Bitcoin Plunges Below $90,000 Amid Post-Black Friday Market Bleed
The crypto market mood has shifted drastically from October’s “Uptober” euphoria to a grim, fear-driven downturn. Bitcoin, the market bellwether, has been hit hardest, slicing through key support levels and leaving investors staring at a sea of red.
Since the infamous Black Friday crash in October, sparked by geopolitical shocks including President Trump’s tariff tweets, the market has seen nearly $20 billion in open interest vanish within hours. Even with the end of the US government shutdown, Bitcoin could not find stability, breaking below the $95,000 support last Friday and dipping under $90,000 for the first time in several months.

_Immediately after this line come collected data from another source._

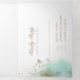 This tri-fold invitation features watercolor brush stroke in deep navy blue colours with gold accents imitating waves on the beach which makes it a perfect choice for a summer or beach wedding. It is minimalistic and elegant in layout and font choices, also very easy to customise. Other items from this collection complement it very well so do check out the whole collection "Watercolor Waves" in our store.
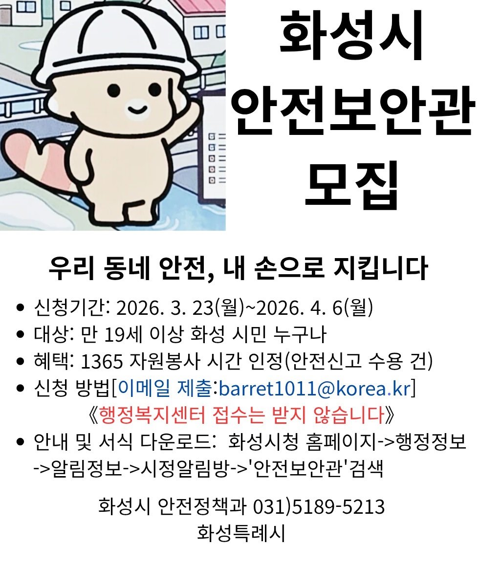 [충청뉴스큐] 화성특례시는 지역 내 안전문화 확산과 생활 속 위험요소의 사전 발굴 제거를 위해 안전보안관 145명을 공개 모집한다고 23일 밝혔다.
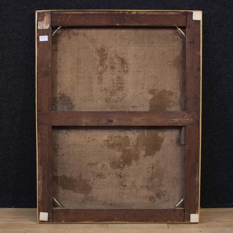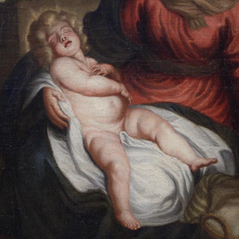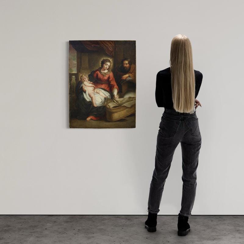 In her arms, a curly-haired baby Jesus sleeps blissfully, about to be placed in the cradle. To the right, Joseph observes the scene. The painting has undergone conservative restoration, relining, and recoloring in several areas (see photo). Overall, the painting is in good condition.
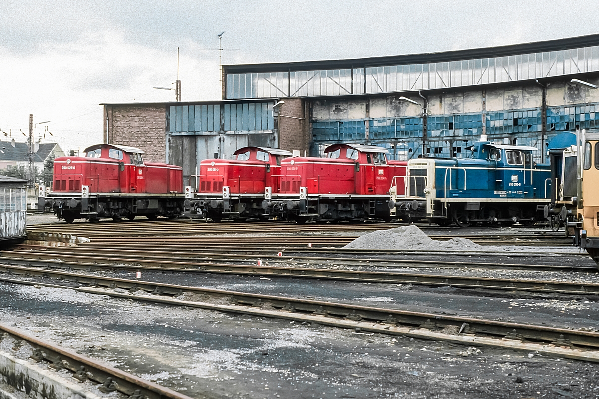 Vorheriges Bild | Zurück zur Übersichtsseite | Nächstes Bild 290 025, 290 051, 290 024 und 260 390 vor dem bereits aufgegebenen Lokschuppen des Bw Dillingen
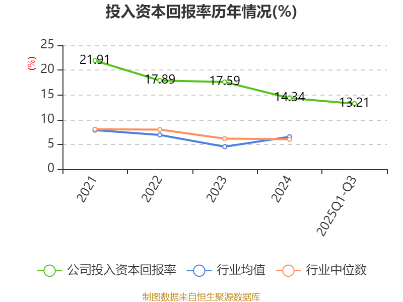 本回报率为14.34%公司2024年加入资,3.25个百分点较上年同期降落。血本回报率为13.21%2025年前三季度加入,0.21个百分点较上年同期降落。
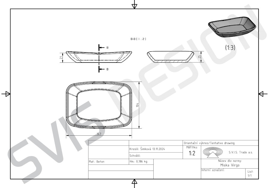 Miska wykonana jest według unikalnej receptury z materiału kompozytowego inspirowanego tradycyjnym betonem.
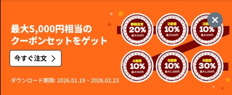 普通にダウンロードして初回クーポンでパパッと注文を済ませるのが、一番タイパもコスパも良いですよ!
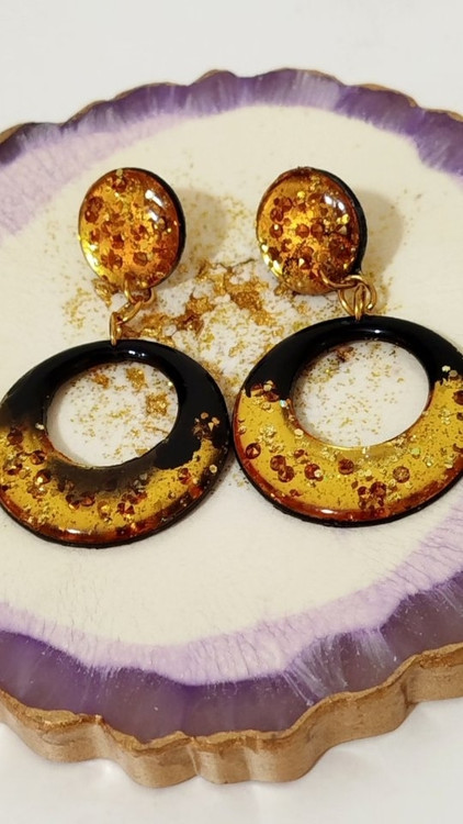 گوشواره رزینی مشکی طلایی خاص و جذاب واقعا از زیبایی و رنگ و براق بودنش هر چی بگم کم گفتم جنس رزین روی بیس مولتی استایل اتصالات به رنگ طلایی و نقره ای تو هر رنگی قابل سفارشه @shakila_resinart دوست دارم نظرتون برام کنی حتما کن کلی کارهای زیبا و متنوع تو پیجم دارم با احترام و تلگرام ارسال به @shakila_resinart #گوشواره_مشکی_طلایی
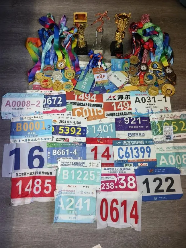带着这份懵懂的信心,她进入浙药后,在大一时选修了体训部王德磊老师的课,恰逢学校筹建长跑队。凭着对跑步悄然萌生的兴趣,零基础的她毅然加入。“那时连配速、步频都不懂,压力真的很大。”但在王德磊老师和李子成老师的悉心指导,以及队友们的温暖鼓励下,她一步步跑进了长跑的世界。
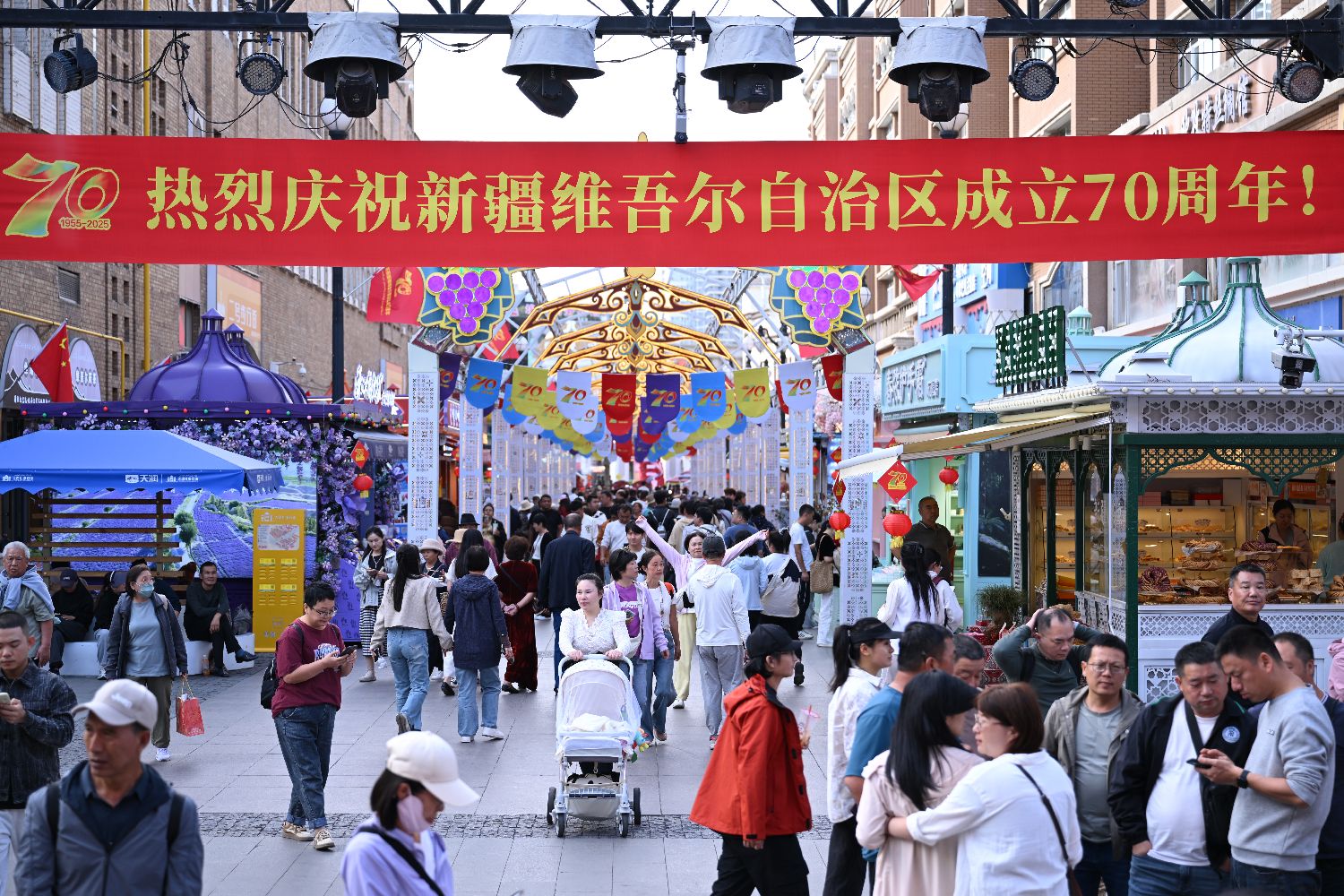 9月23日,游客在新疆乌鲁木齐市大巴扎步行街游览、拍照。为庆祝新疆维吾尔自治区成立70周年,乌鲁木齐多处摆设花堆和宣传牌等,街头洋溢着喜庆祥和的氛围。
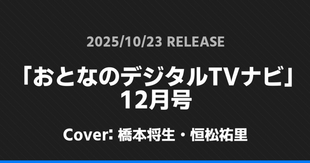 「おとなのデジタルTVナビ」12月号表紙は橋本将生・恒松祐里! timelesz 2026.01.24 ※本ページにはプロモーションが含まれています。 商品リンク Amazon 楽天ブックス セブンネット タワーレコード 詳細情報 発売日:2025/10/23 表紙:橋本将生・恒松祐里 「おとなのデジタルTVナビ」12月号の表紙は橋本将生・恒松祐里さんです! 「ヤングマガジン」11/24号表紙は原嘉孝・篠塚大輝! 「AERA」11/24号表紙は木村拓哉! ホームtimelesz
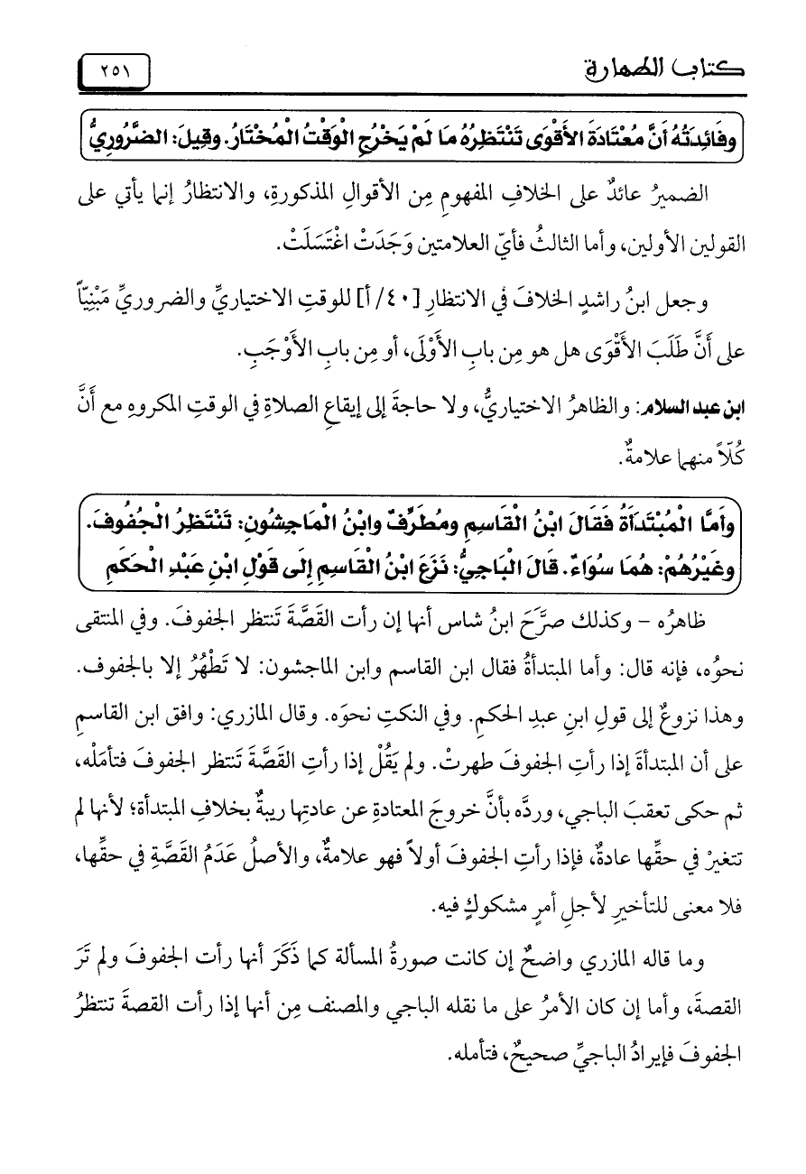 ظاهرُه– وكذلك صرَّحَ ابنُ شاس أنها إن رأت القَصَّةَ تَنتظر الجفوفَ. وفي المنتقى نحوُه، فإنه قال: وأما المبتدأةُ فقال ابن القاسم وابن الماجشون: لا تَطْهُرُ إلا بالجفوف. وهذا نزوعٌ إلى قولِ ابنِ عبدِ الحكمِ. وفي النكتِ نحوَه. وقال المازري: وافق ابن القاسمِ على أن المبتدأةَ إذا رأتِ الجفوفَ طهرتْ. ولم يَقُلْ إذا رأتِ القَصَّةَ تَنتظر الجفوفُ فتأمَله، ثم حكى تعقبَ الباجي، وردَّه بأنَّ خروجَ المعتادةِ عن عادتِها ريبةٌ بخلافِ المبتدأة؛ لأنها لم تتغيرْ في حقِّها عادةٌ، فإذا رأتِ الجفوفَ أولاً فهو علامةٌ، والأصلُ عَدَمُ القَصَّةِ في حقِّها، فلا معنى للتأخيرِ لأجلِ أمرٍ مشكوكٍ فيه.
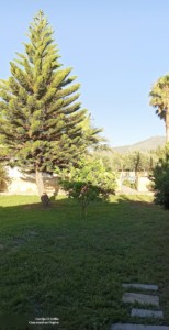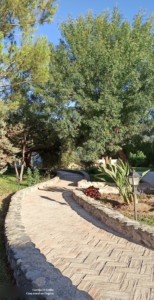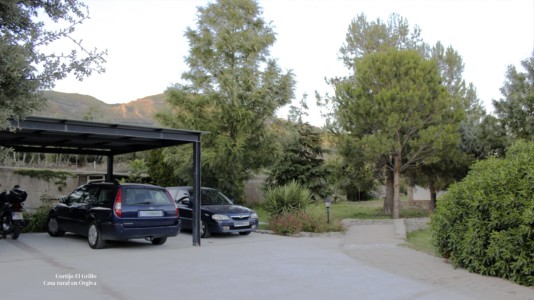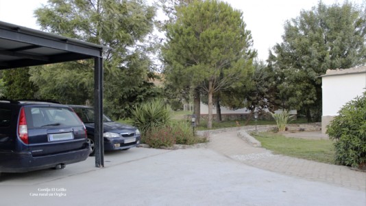 El aparcamiento cubierto está en la entrada de la finca y un camino empedrado, rodeado de árboles, jazmines y rosales, te lleva a la casa de alquiler.
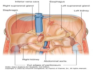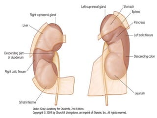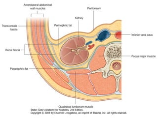 Hub Ginjal denganSisi Posterior Diafragma M. Psoas Major M. Quadratus Lumborum M. Transversus Abdominis Recessus costodiafragmaticus Pada ginjal kanan: Costa XII & ginjal kiri: Costa XI
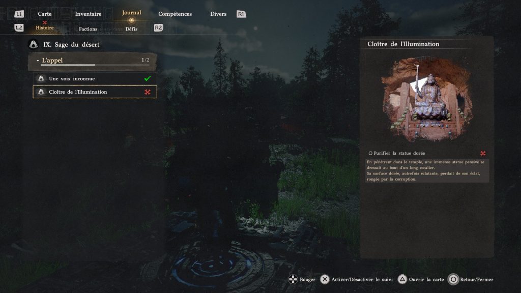 Ici, vous y trouverez les quêtes en cours, dont celles de l’histoire. Et pour savoir où vous devez aller, vous avez juste à sélectionner ladite mission puis appuyer sur « suivre » : vous aurez l’emplacement d’indiqué sur votre carte.
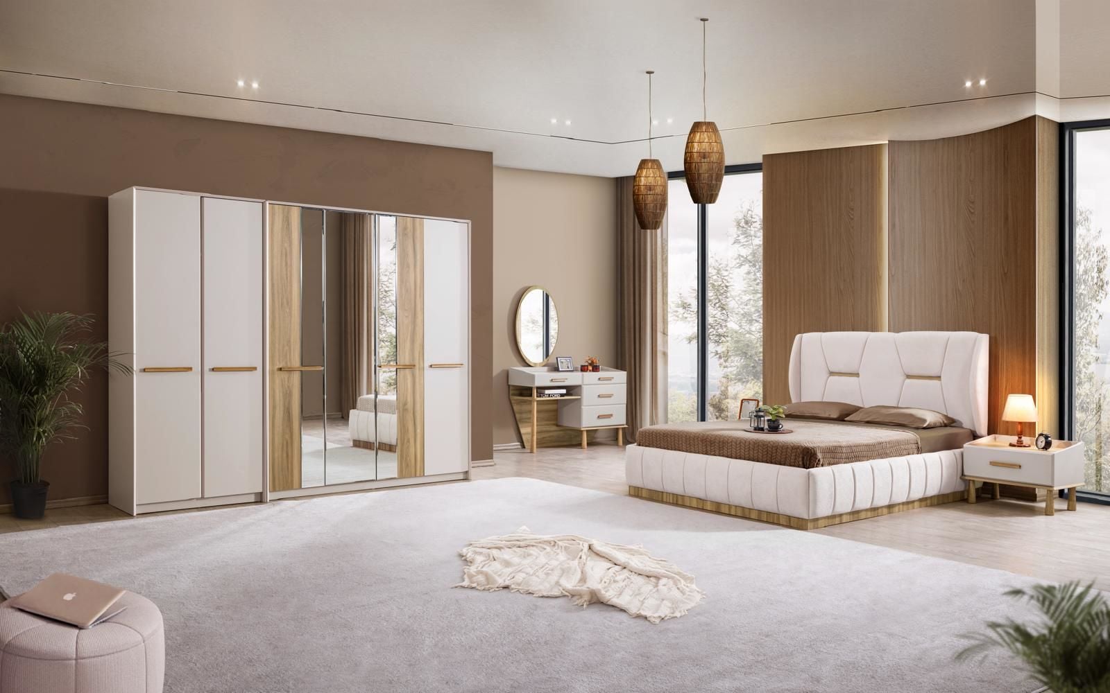 - Moon Yatak Odası Takımı, 6 Kapılı Dolap, Şifonyer, Bazasız karyola başlık ve 2 adet Komodin'den oluşmaktadır.
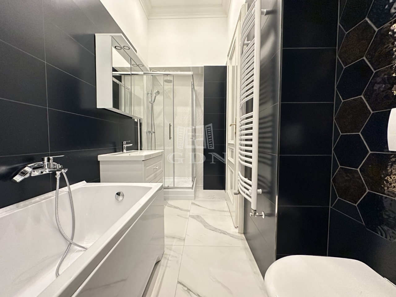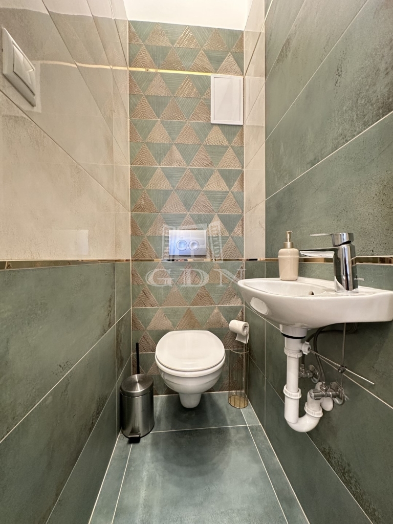 A modern konyha minden fontos géppel felszerelt. A beépített szekrények minőségi anyagból készültek, maximális kihasználtsággal lettek a lakásba tervezve. A nagy méretű, ablakoknak köszönhetően a helyiségek nagyon világosak. A dohányzás és a háziállat tartása nem lehetséges. Parkolás az épület mögött fizetős övezetben megoldott.

Why Bitcoin Is Bleeding: Macroeconomic and Technical Factors
The sell-off is not just a technical blip; it reflects macroeconomic realities:
- Renewed trade tensions
- The Federal Reserve’s hesitation on rate cuts
- A death cross formation on technical charts
Volume metrics also highlight institutional retrenchment, with spot ETFs seeing massive outflows. Heavyweights like BlackRock and Fidelity pausing purchases have triggered panic among retail investors, contributing to sharp downward pressure.
Bear vs. Bull: Market Perspectives
Bear Case:
- Bitcoin has erased its year-to-date gains
- A 30% drop from its peak and breach of key moving averages signals a traditional bear market
- Failure of the $88,000 support could open the door to a retest of $75,000
Bull Case:
- Market veterans compare the flush-out to mid-cycle corrections in 2017 and 2021, often precursors to parabolic growth
- On-chain data shows long-term holders slowing sales, suggesting fundamentals remain intact
- The recent deleveraging may act as a reset for healthier market growth
Investor Guidance: Traders vs. Long-Term Holders
For traders, the trend is currently down. Catching a falling knife is risky, and high volatility means risk management is critical. Reducing exposure isn’t panic: it’s prudent.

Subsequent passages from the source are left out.